A newborn with a respiratory rate of 40 breaths per minute at one minute after birth is demonstrating cyanosis of the hands and feet. What action should a nurse take?
- A. Assess bowel sounds.
- B. Continue to monitor.
- C. Assist with intubation.
- D. Rub the infant's back.
Correct Answer: B
Rationale: Cyanosis of the hands and feet, known as acrocyanosis, is common in newborns shortly after birth and usually resolves on its own. It is not indicative of a need for immediate intervention. Therefore, the appropriate action is to continue monitoring the newborn's condition. Assessing bowel sounds (Choice A) is not relevant to the presenting issue of cyanosis and respiratory rate. Assisting with intubation (Choice C) is an invasive procedure that is not warranted based on the information provided. Rubbing the infant's back (Choice D) is not necessary for acrocyanosis and could potentially disturb the newborn.
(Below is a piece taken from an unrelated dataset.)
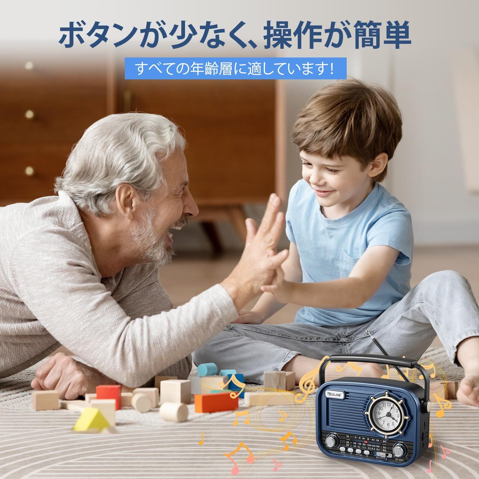 【簡単な操作】シンプルでエレガントな機能設計で、複雑なボタンではなく、微調整ノブを使用しているため、操作が非常に簡単です。さらに、文字がはっきりと印刷されているため、理解しやすいです。レトロで洗練されたデザインは、おじいちゃんやおばあちゃん、両親など、年配の方への最高の贈り物となります。

A client comes to the clinic for her first prenatal visit and reports that July 10 was the first day of her last menstrual period. Using Nagele's Rule, the nurse calculates the estimated date of birth for the client to be _________.
- A. 4/17.
- B. 4/10.
- C. 5/10.
- D. 5/17.
Correct Answer: A
Rationale: Nagele's Rule is a common method used to estimate the due date. To calculate it, subtract 3 months and add 7 days to the first day of the last menstrual period. In this case, if the last menstrual period started on July 10, subtracting 3 months (April) and adding 7 days gives an estimated due date of April 17. This is the correct answer. Choices B, C, and D are incorrect because they do not follow the Nagele's Rule calculation method.
Females with Turner syndrome:
- A. possess more thymine than cytosine.
- B. are taller than average.
- C. produce little estrogen.
- D. are more likely to give birth to twins.
Correct Answer: C
Rationale: Turner syndrome is a chromosomal disorder in females characterized by short stature and underdeveloped ovaries, resulting in low estrogen production. This leads to symptoms such as delayed puberty and infertility. Choice A is incorrect because the chromosomal abnormality in Turner syndrome does not affect the thymine-cytosine ratio. Choice B is incorrect as females with Turner syndrome are typically shorter than average. Choice D is incorrect as Turner syndrome does not increase the likelihood of giving birth to twins.
When reviewing the electronic medical record of a postpartum client, which of the following factors places the client at risk for infection?
- A. Meconium-stained amniotic fluid
- B. Placenta previa
- C. Midline episiotomy
- D. Gestational hypertension
Correct Answer: C
Rationale: The correct answer is C: Midline episiotomy. An episiotomy is a surgical incision made during childbirth to enlarge the vaginal opening. This procedure increases the risk of infection in the postpartum period due to the incision site being a potential entry point for pathogens. Meconium-stained amniotic fluid (choice A) is a risk factor for fetal distress but does not directly increase the mother's risk of infection. Placenta previa (choice B) is a condition where the placenta partially or completely covers the cervix, leading to potential bleeding issues but not necessarily an increased risk of infection. Gestational hypertension (choice D) is a hypertensive disorder that affects some pregnant women but is not directly associated with an increased risk of infection in the postpartum period.